Where a line in the records below includes "from", pull that line out.

──────────

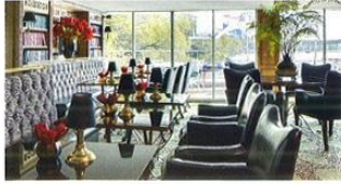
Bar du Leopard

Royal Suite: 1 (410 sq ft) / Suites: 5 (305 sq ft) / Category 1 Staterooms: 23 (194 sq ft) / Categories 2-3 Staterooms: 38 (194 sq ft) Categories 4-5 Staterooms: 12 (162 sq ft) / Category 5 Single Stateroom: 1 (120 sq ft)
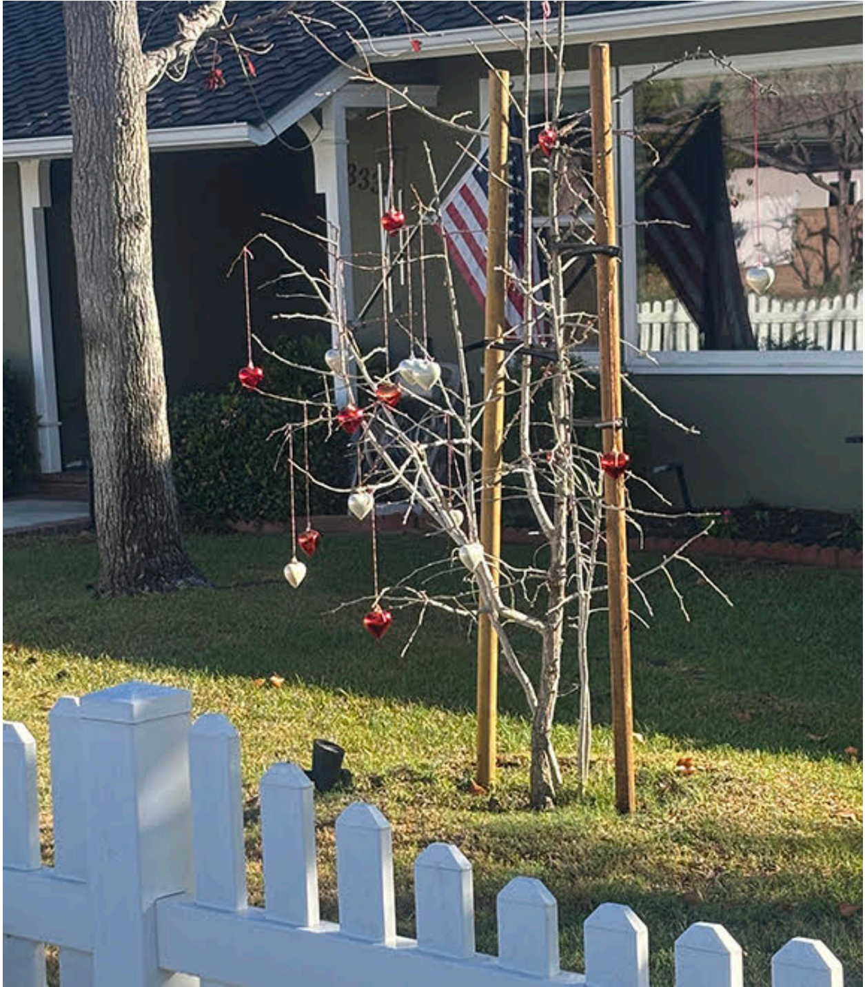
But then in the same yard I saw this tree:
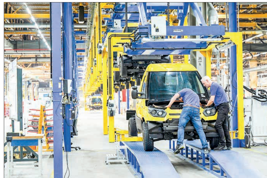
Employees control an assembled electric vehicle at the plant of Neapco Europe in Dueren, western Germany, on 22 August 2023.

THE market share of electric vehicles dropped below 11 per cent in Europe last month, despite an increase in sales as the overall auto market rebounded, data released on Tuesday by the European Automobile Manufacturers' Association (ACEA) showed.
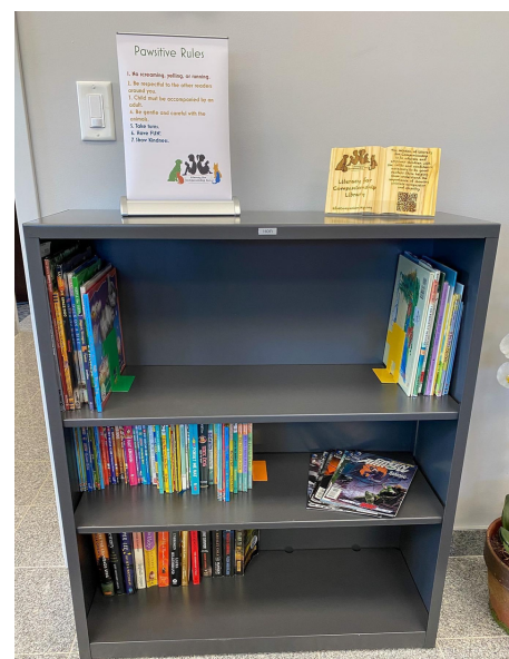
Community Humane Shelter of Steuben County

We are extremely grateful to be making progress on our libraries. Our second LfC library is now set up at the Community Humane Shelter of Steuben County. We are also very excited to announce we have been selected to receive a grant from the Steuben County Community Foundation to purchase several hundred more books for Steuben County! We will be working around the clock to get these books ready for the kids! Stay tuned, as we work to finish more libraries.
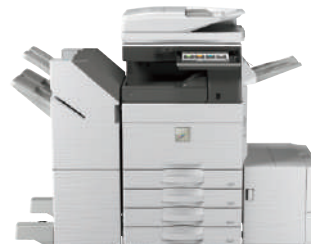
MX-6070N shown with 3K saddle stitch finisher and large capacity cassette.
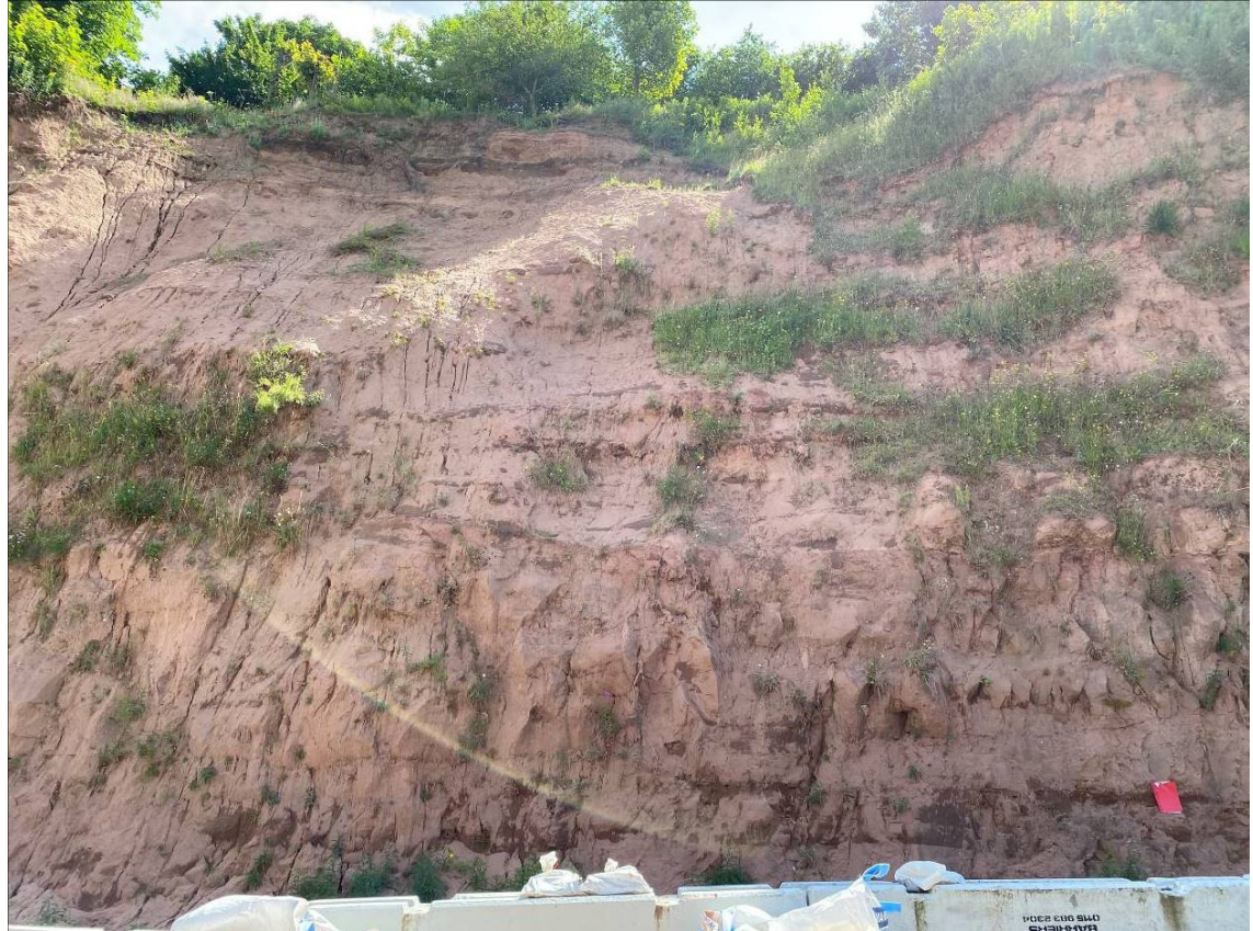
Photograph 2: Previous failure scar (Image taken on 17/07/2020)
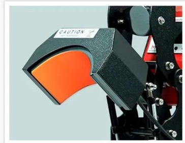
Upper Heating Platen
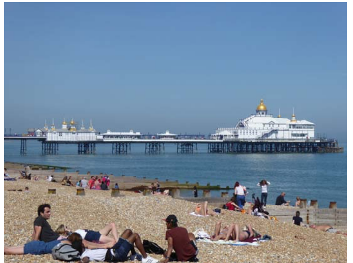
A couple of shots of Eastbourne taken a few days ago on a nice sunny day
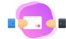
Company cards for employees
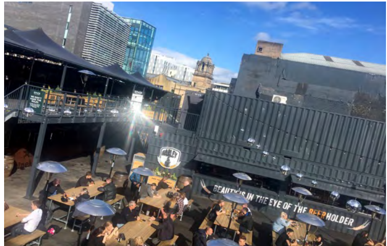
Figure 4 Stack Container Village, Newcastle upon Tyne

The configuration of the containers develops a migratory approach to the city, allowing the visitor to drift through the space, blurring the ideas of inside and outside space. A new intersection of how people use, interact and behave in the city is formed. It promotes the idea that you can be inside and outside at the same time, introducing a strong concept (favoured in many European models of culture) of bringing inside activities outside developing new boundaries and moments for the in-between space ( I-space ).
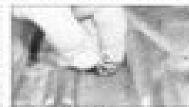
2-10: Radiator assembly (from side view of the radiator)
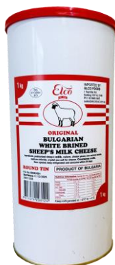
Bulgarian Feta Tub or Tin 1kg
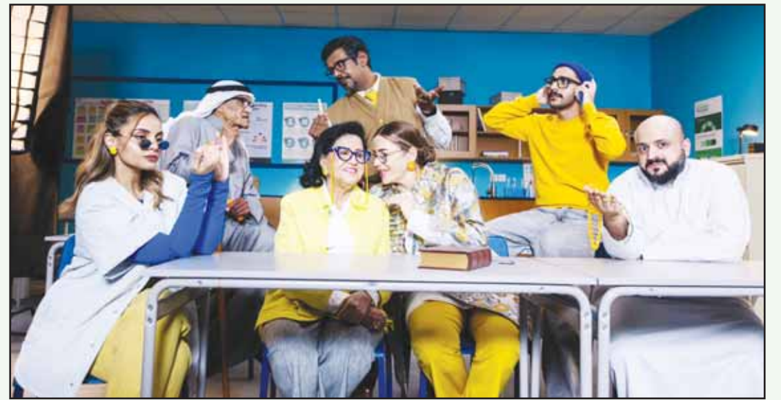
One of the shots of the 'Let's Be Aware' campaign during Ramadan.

──────────

## Finished exercise
We are extremely grateful to be making progress on our libraries. Our second LfC library is now set up at the Community Humane Shelter of Steuben County. We are also very excited to announce we have been selected to receive a grant from the Steuben County Community Foundation to purchase several hundred more books for Steuben County! We will be working around the clock to get these books ready for the kids! Stay tuned, as we work to finish more libraries.
2-10: Radiator assembly (from side view of the radiator)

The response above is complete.